Cinquante ans plus tard, Depardon réalise un reportage qui sera le compte-rendu fidèle de quelques séances de comparution devant une sorte de tribunal interne appelé à dire si le patient hospitalisé “sous contrainte”est en état de quitter l’établissement (et apparemment ce n’est pas souvent le cas). On est au Vinatier: locaux impeccables, personnel désireux de remplir au mieux une mission complexe. La situation géographique du lieu, l’emploi de la couleur, le recours constant à des gros plans sur les visages: juges, avocats, patients, rendent notre proximité avec les malades d’autant plus pathétique et nous contraint à nous impliquer dans des séquences dont certaines ne comportent aucune coupe.

Il y a cependant un lien très fort entre ces deux films: la mise hors champ du narrateur que l’on ne voit ni entend à Bridgewater comme à Bron. Wiseman et Depardon arrivent ainsi à créer une impression d’objectivité intégrale, même si le le choix des cadres et le montage,
que ce soit au niveau des plans ou des séquences (au Vinatier, dix retenues sur les soixante-douze filmées) ne gomment jamais une présence créatrice.
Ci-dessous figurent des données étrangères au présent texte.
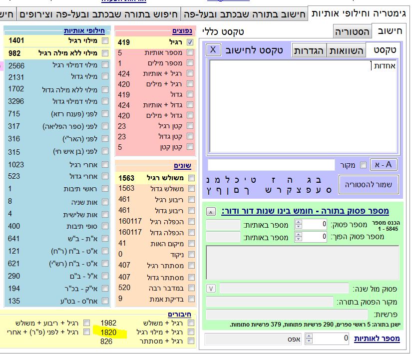 אחדות = 1820 (רגיל ומילוי)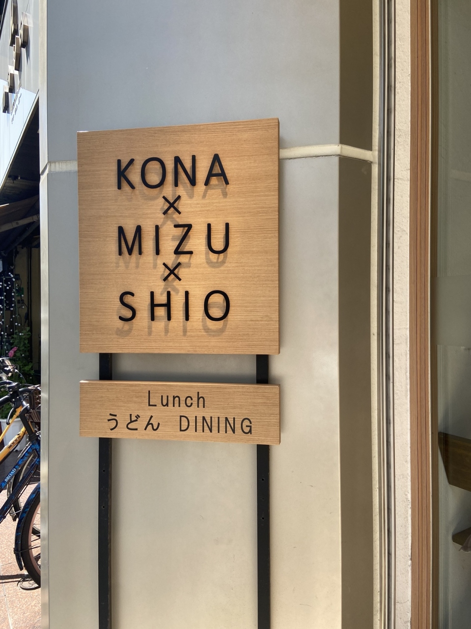中央通り、大阪市中央区役所近くにある お昼時はいつも行列ができている人気店です。券売機で、券を買って注文するシステムです。3種類から海老天ぷらとまいたけ天ぷらの冷やかけうどん(¥1,200)をセレクトしました。店内は、おうどん屋さんというよりカフェのようにおしゃれです。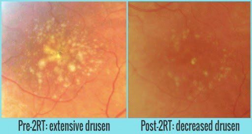 Il laser 2RT a nanosecondi è attualmente l’unico trattamento disponibile per la degenerazione maculare senile (AMD) nella sua variante secca, per gli stadi intermedi e avanzati. Il trattamento 2RT è impropriamente definito “ringiovanimento retinico”, in quanto ha lo scopo di indurre un riassorbimento delle drusen. Le drusen sono le lesioni caratteristiche nella AMD e sono accumuli di materiale di scarto sotto l’Epitelio Pigmentato Retinico, che è lo strato deputato al riassorbimento.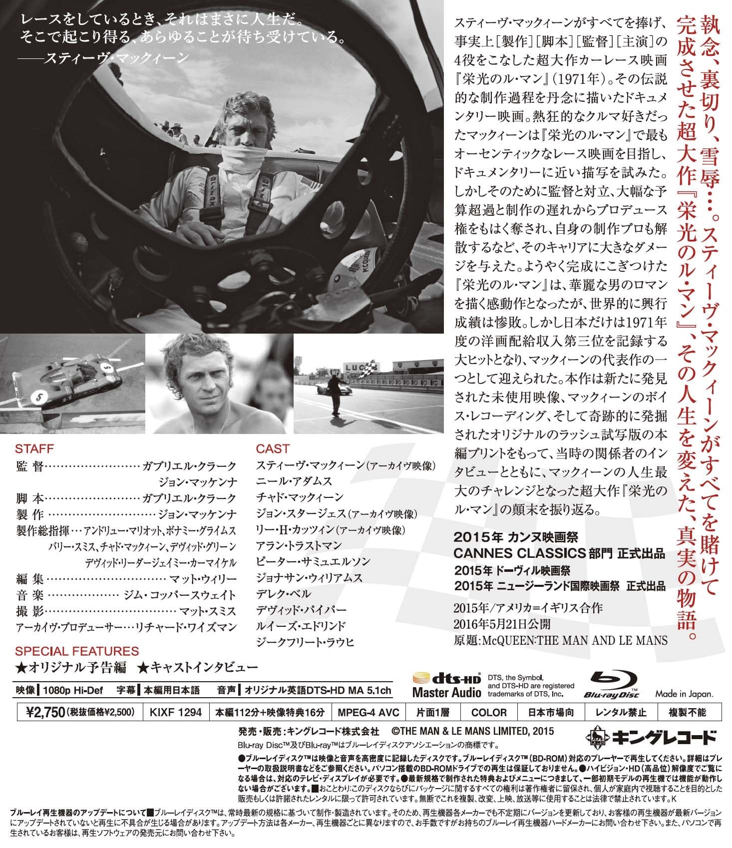 大スター、スティーヴ・マックィーンがすべてを賭けて完成させた歴史的超大作 『栄光のル・マン』の顛末、そしてその人生を変えた、真実の物語。

Quoiqu’il en soit, ces témoignages ont l’irremplaçable mérite, qu’aucune fiction ne peut atteindre, de nous confronter au drame de la plus sournoise des maladies. Ainsi que l’écrit une psychiatre dont le livre est à l’origine de “Douze jours”:” il n’y a pas deux mondes: ceux qui
sont perturbés mentalement et les autres, il y a nous tous, ensemble, concernés ou potentiellement concernés par la souffrance psychique”.

PS: Une réserve, tout au moins la mienne: l’accompagnement musical sur les séquences de transition. Cette “Musique originale d’Alexandre Desplat” m’a paru inutilement envahissante et détonne avec le froid constat que propose Depardon.